_AIM OF THE TASK_
Print exactly the lines below between the line containing "CHINESE ROSE MEDALLION" and the line containing "174M in 2024.", counting both of those lines. Leave pictures out.

DATASET EXCERPTS Block Start

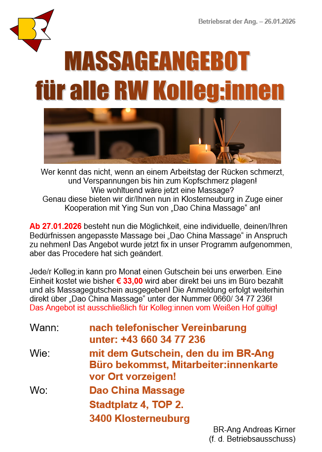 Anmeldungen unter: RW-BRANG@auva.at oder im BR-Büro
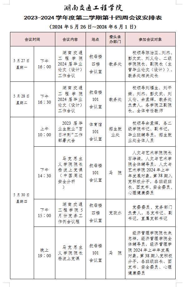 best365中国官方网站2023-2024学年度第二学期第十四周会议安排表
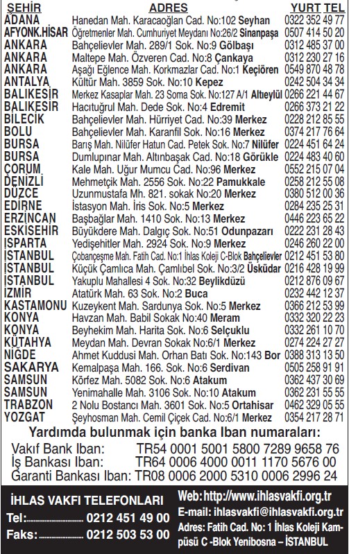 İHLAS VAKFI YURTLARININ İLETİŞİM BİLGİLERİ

DATASET EXCERPTS Block End
DATASET EXCERPTS Block Start

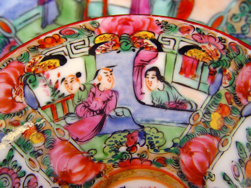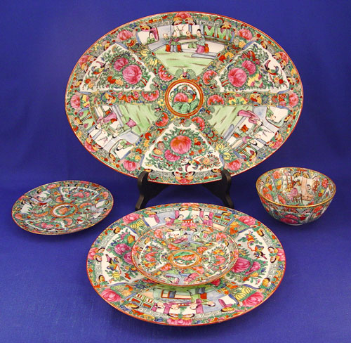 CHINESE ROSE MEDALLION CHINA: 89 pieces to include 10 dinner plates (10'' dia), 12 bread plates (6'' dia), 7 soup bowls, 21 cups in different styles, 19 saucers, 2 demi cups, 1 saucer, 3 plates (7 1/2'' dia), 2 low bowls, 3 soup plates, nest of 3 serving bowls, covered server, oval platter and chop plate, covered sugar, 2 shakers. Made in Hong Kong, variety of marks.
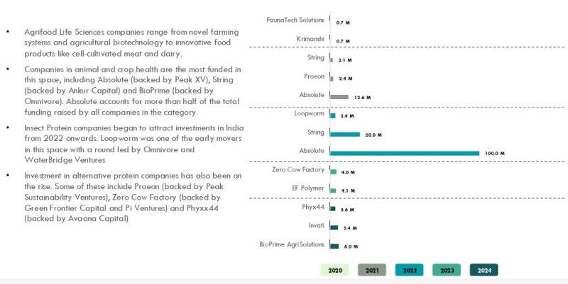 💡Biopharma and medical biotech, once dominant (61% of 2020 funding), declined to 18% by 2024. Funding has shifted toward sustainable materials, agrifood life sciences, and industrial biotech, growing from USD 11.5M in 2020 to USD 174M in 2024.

DATASET EXCERPTS Block End
DATASET EXCERPTS Block Start

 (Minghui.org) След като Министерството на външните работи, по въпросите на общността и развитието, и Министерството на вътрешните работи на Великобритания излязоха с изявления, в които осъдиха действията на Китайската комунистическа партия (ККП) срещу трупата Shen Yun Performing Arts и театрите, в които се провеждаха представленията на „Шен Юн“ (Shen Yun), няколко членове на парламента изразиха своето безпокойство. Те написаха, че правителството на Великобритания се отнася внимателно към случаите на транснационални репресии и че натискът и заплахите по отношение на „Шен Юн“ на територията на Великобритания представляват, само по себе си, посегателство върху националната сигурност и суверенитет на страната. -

DATASET EXCERPTS Block End

_EXERCISE RESULT_
 CHINESE ROSE MEDALLION CHINA: 89 pieces to include 10 dinner plates (10'' dia), 12 bread plates (6'' dia), 7 soup bowls, 21 cups in different styles, 19 saucers, 2 demi cups, 1 saucer, 3 plates (7 1/2'' dia), 2 low bowls, 3 soup plates, nest of 3 serving bowls, covered server, oval platter and chop plate, covered sugar, 2 shakers. Made in Hong Kong, variety of marks.
 💡Biopharma and medical biotech, once dominant (61% of 2020 funding), declined to 18% by 2024. Funding has shifted toward sustainable materials, agrifood life sciences, and industrial biotech, growing from USD 11.5M in 2020 to USD 174M in 2024.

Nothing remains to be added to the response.